--- INSTRUCTIONS FOR THE TASK ---
Print out the data exactly, keeping every image out of it.

--- PROVIDED DATA ---
_____
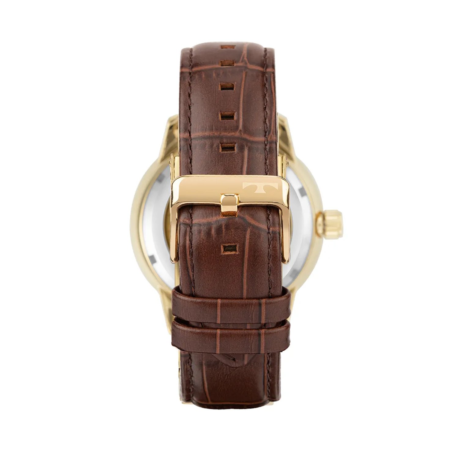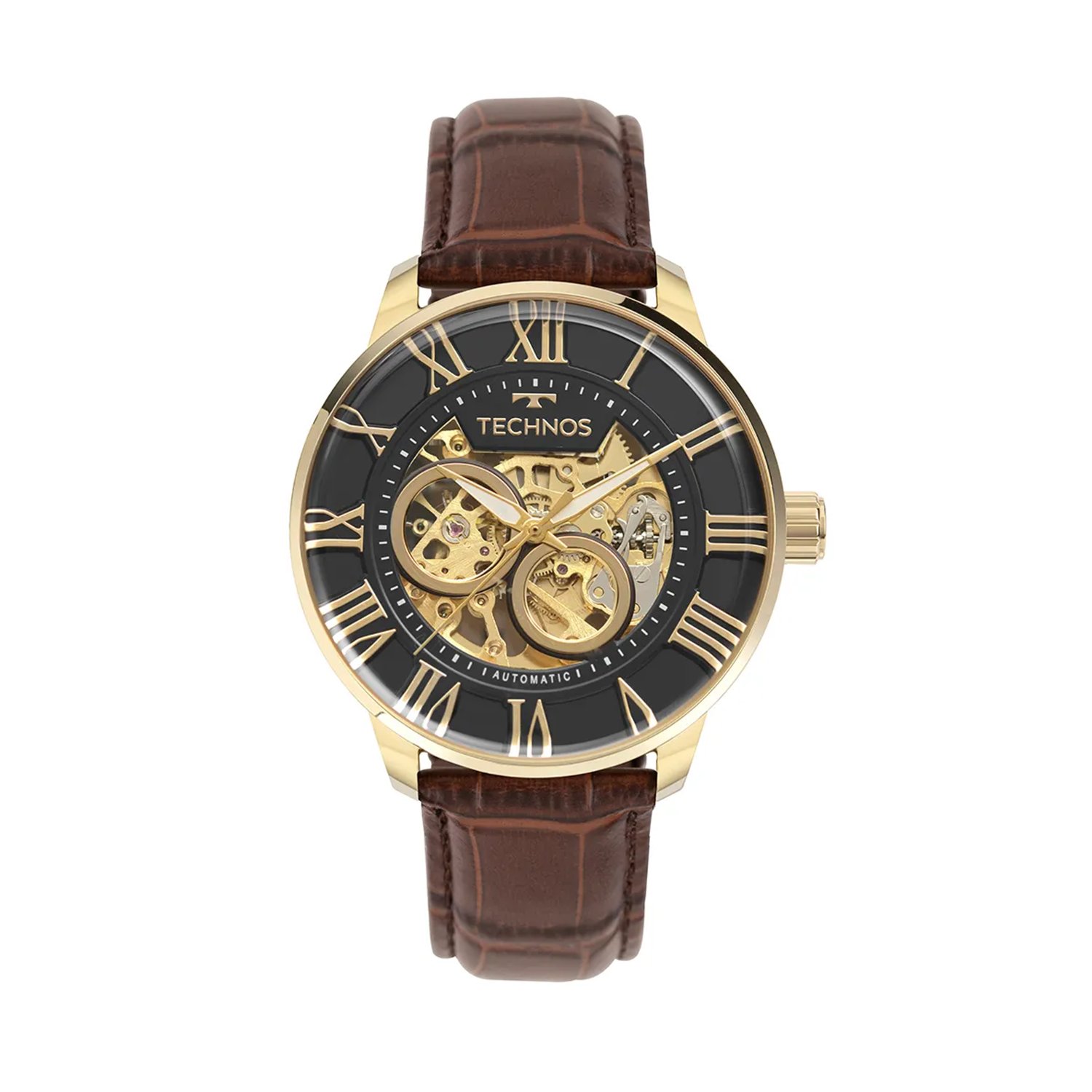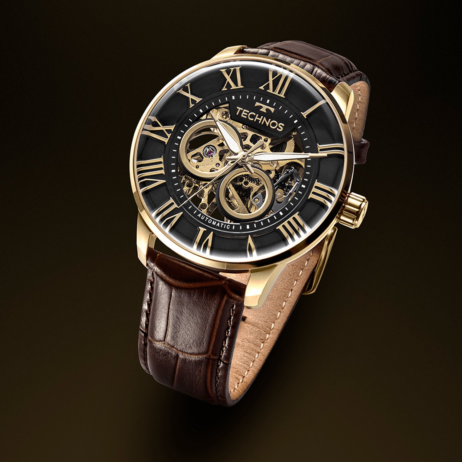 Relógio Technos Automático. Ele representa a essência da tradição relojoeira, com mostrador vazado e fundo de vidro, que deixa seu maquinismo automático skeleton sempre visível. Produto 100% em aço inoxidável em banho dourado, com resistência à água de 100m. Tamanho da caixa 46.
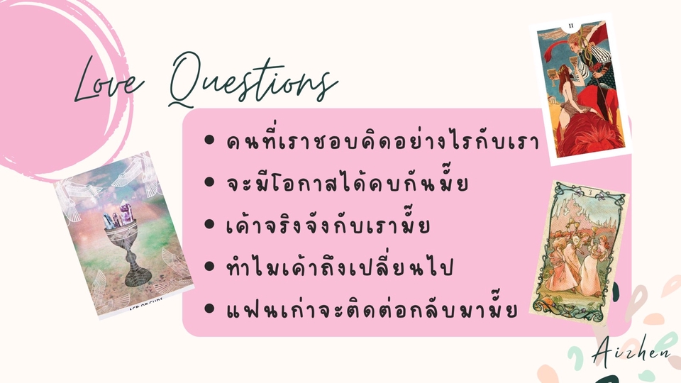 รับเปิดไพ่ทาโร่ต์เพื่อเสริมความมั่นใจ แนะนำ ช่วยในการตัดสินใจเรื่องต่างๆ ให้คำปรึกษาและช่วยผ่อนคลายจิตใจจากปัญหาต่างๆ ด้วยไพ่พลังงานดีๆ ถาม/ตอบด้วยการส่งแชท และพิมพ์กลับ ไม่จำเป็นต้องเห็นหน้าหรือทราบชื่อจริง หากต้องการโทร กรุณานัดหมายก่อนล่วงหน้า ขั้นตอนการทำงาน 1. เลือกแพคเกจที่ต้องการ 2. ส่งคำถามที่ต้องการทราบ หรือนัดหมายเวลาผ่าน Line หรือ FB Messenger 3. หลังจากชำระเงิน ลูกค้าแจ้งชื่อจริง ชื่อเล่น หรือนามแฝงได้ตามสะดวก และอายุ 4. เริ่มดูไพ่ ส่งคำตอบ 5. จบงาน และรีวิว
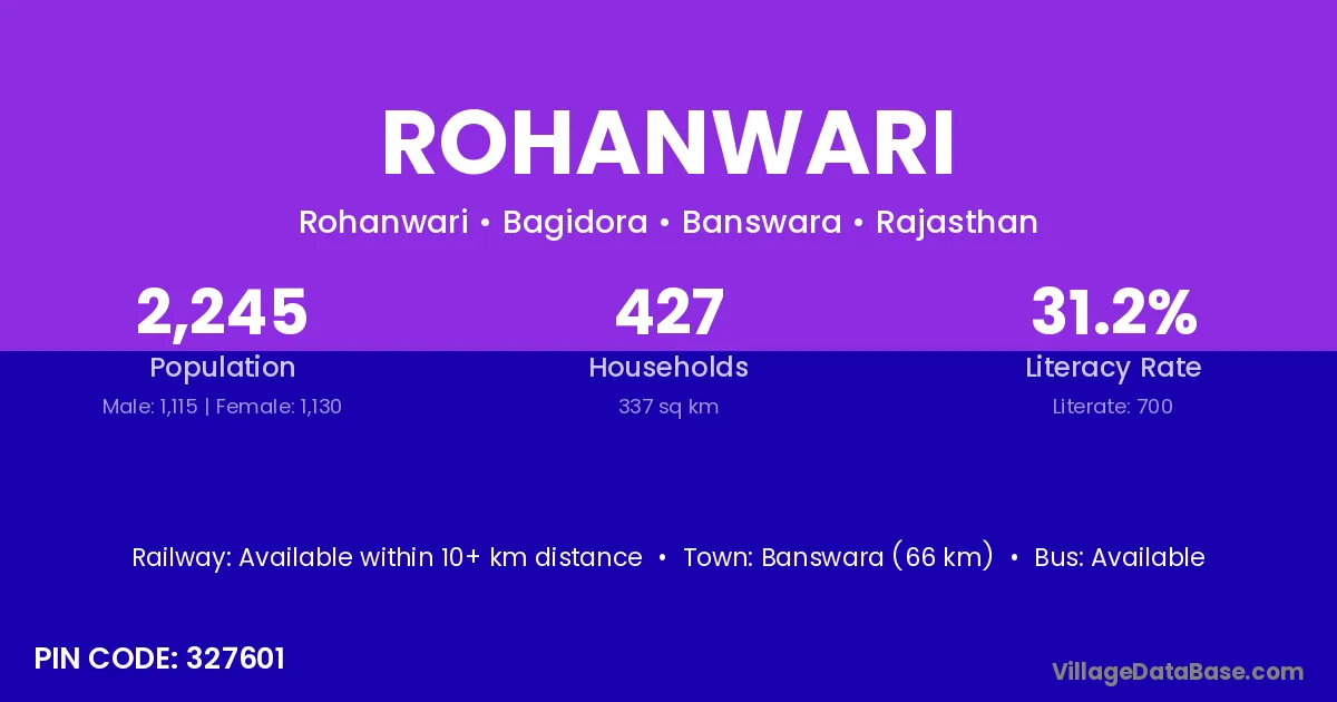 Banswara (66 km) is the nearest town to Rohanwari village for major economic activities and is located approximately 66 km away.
_____
--- RESULT OF THIS TASK ---
 Relógio Technos Automático. Ele representa a essência da tradição relojoeira, com mostrador vazado e fundo de vidro, que deixa seu maquinismo automático skeleton sempre visível. Produto 100% em aço inoxidável em banho dourado, com resistência à água de 100m. Tamanho da caixa 46.
 รับเปิดไพ่ทาโร่ต์เพื่อเสริมความมั่นใจ แนะนำ ช่วยในการตัดสินใจเรื่องต่างๆ ให้คำปรึกษาและช่วยผ่อนคลายจิตใจจากปัญหาต่างๆ ด้วยไพ่พลังงานดีๆ ถาม/ตอบด้วยการส่งแชท และพิมพ์กลับ ไม่จำเป็นต้องเห็นหน้าหรือทราบชื่อจริง หากต้องการโทร กรุณานัดหมายก่อนล่วงหน้า ขั้นตอนการทำงาน 1. เลือกแพคเกจที่ต้องการ 2. ส่งคำถามที่ต้องการทราบ หรือนัดหมายเวลาผ่าน Line หรือ FB Messenger 3. หลังจากชำระเงิน ลูกค้าแจ้งชื่อจริง ชื่อเล่น หรือนามแฝงได้ตามสะดวก และอายุ 4. เริ่มดูไพ่ ส่งคำตอบ 5. จบงาน และรีวิว
 Banswara (66 km) is the nearest town to Rohanwari village for major economic activities and is located approximately 66 km away.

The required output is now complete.